Multi-Network Support#

TensorRT-RTX API Capture and Replay supports capturing multiple networks within a single process. This capability allows you to record the engine-building phase for applications that create and build multiple TensorRT-RTX networks, such as applications with ensemble models or multi-stage inference pipelines.

How It Works

  • Each network created via createNetworkV2 is assigned a unique network ID.

  • Objects (tensors, layers, etc.) are tracked per-network to ensure proper isolation.

  • Weights are stored with network-scoped identifiers, allowing the same weight pointer to be reused across different networks without conflicts.

  • The player automatically manages network context during replay.

Capture Example

The following example demonstrates capturing multiple networks, including interleaved operations:

import tensorrt_rtx as trt

logger = trt.Logger(trt.Logger.WARNING)
builder = trt.Builder(logger)

# Create first network
network1 = builder.create_network()
input1 = network1.add_input("input1", trt.float32, (1, 3, 224, 224))
# ... add layers ...
network1.mark_output(output1)

# Create second network (interleaved operations are supported)
network2 = builder.create_network()
input2 = network2.add_input("input2", trt.float32, (1, 64))
# ... add layers ...
network2.mark_output(output2)

# Build both networks
config1 = builder.create_builder_config()
engine1 = builder.build_serialized_network(network1, config1)

config2 = builder.create_builder_config()
engine2 = builder.build_serialized_network(network2, config2)

Replay with Multiple Networks

When replaying a multi-network capture, the player generates one engine file per network. The output files are named with indices appended:

tensorrt_player -j capture.json -o output.engine

This produces:

  • output.engine0 – Engine for the first network

  • output.engine1 – Engine for the second network, and so on.

Best Practices

  • Use descriptive output file names when capturing multiple networks to help identify which capture session produced the files.

  • If you need to replay only specific networks, consider capturing them in separate processes or sessions.

Capture Tool Configuration#

Table 16 Optional Environment Variables#

Environment Variables

Description

Type

Default Value

TRT_SHIM_OUTPUT_JSON_FILE

Path to save the captured .json file.
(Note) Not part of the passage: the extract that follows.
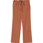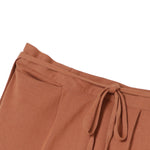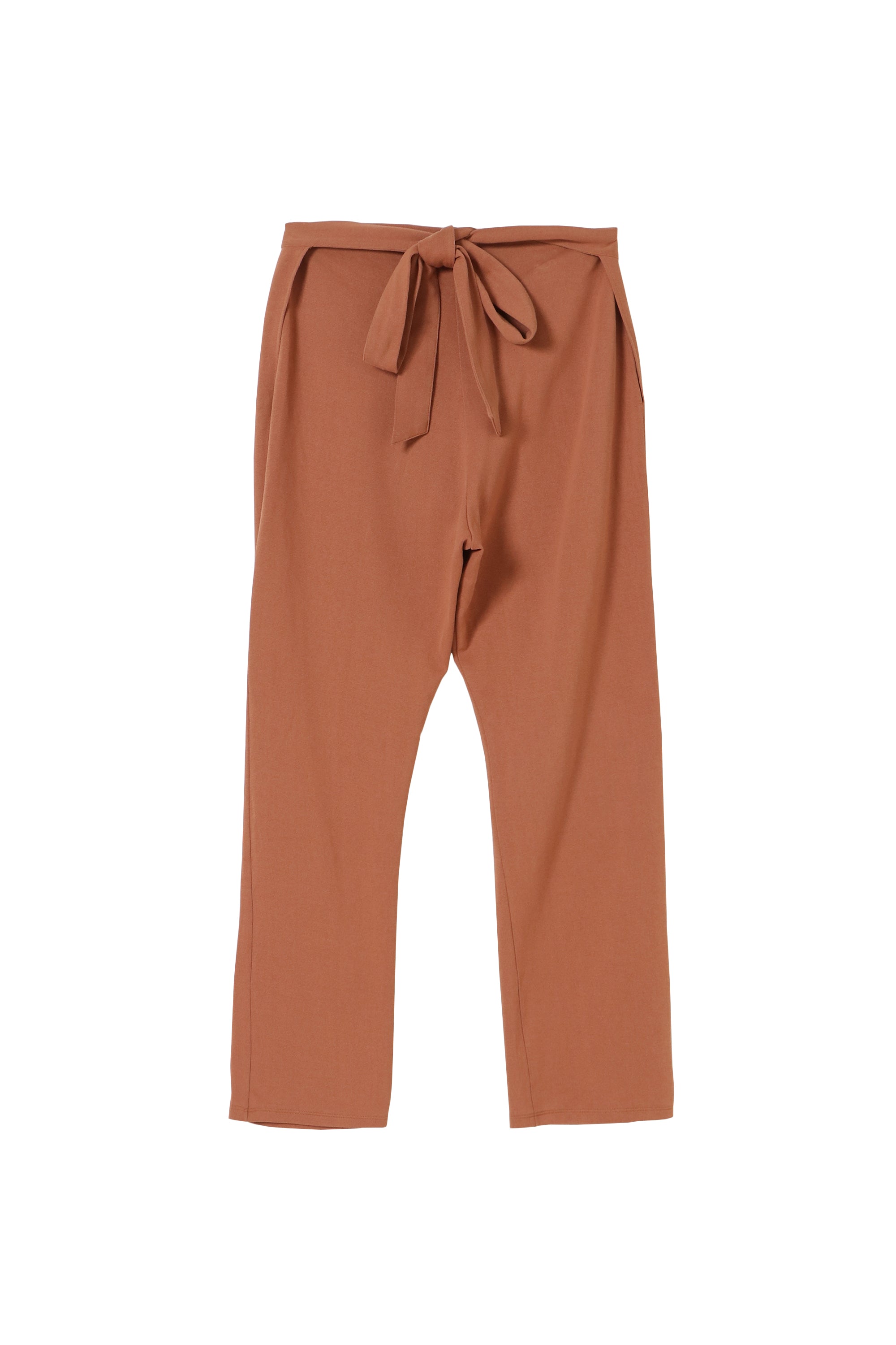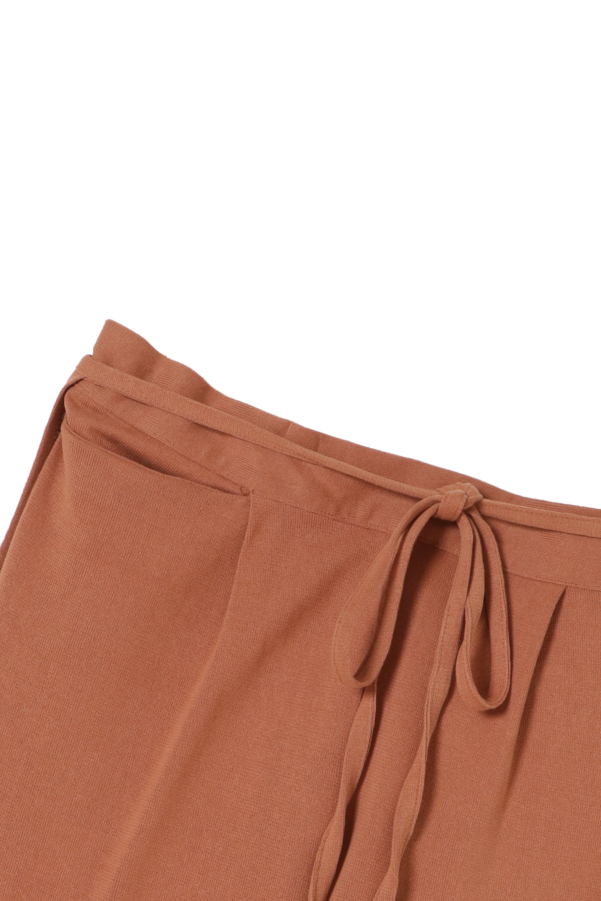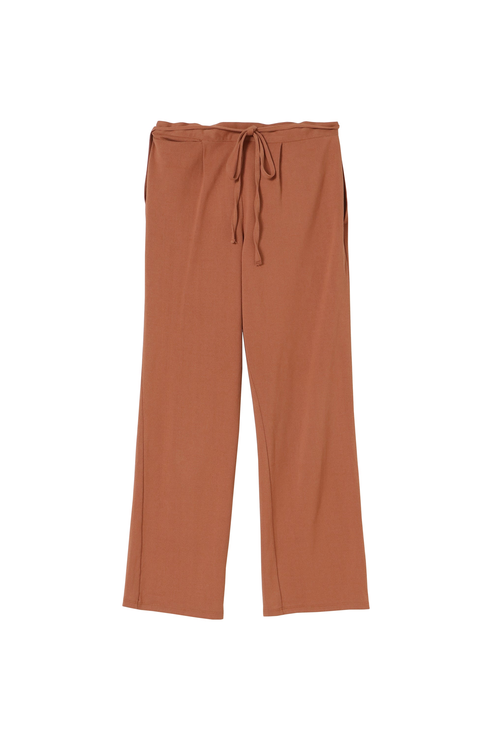 There are slits on both sides of the waist, reminiscent of a hakama, and a thin belt is attached from the back and a thick belt is attached from the front, so you can freely change the position and way of tying to change the look. Since the waist is not fixed, you can freely wear it high or low on the waist, and the silhouette can be changed, so it is a slit pants that can be worn for everyday wear.

A corresponding .bin file will be created in the same directory.

string

capture.json

TRT_SHIM_NVINFER_LIB_NAME

Intercepted TensorRT-RTX library name. If unset, dlopen(<lib_name>) finds the library using its normal search rules (a full path is also allowed).

string

libtensorrt_rtx.so

TRT_SHIM_DUMP_API

Print enter and exit messages for every API function call.

bool

false

TRT_SHIM_PRINT_WELCOME

Print Welcome to TensorRT Shim at the start of the run.

bool

false

TRT_SHIM_INLINE_WEIGHTS_LOWER_EQUAL_THAN

Inline weights into the .json instead of a separate .bin when their size (in elements) is ≤ this threshold.

int

8

TRT_SHIM_MARK_AS_RANDOM_WEIGHTS_GREATER_EQUAL_THAN

Skip saving weights with an element count ≥ this threshold (they will be marked as random).

int

Max int

TRT_SHIM_FLUSH_AFTER_EVERY_CALL

Flush captured calls to the file after every API call instead of aggregating them.

bool

false

TRT_SHIM_FLUSH_ON_BUILD

Flush captures calls to the file after every buildSerializedNetwork call. Useful for debugging crashes during engine building or capturing incremental progress in multi-network sessions.

bool

false

Known Limitations#

  • Supports Linux x86_64. Windows is not currently supported.

  • tensorrt_rtx --saveEngine flag is not supported.

Flush Behavior#

The captured data is flushed (written to disk) under any of the following conditions:

  • Process exit - flush occurs automatically when the process completes.

  • Every API call - flush after each captured call when TRT_SHIM_FLUSH_AFTER_EVERY_CALL is set.

  • On build - flush after each buildSerializedNetwork call when TRT_SHIM_FLUSH_ON_BUILD is set.

On each flush, the entire .json file is overwritten, while the .bin file is appended.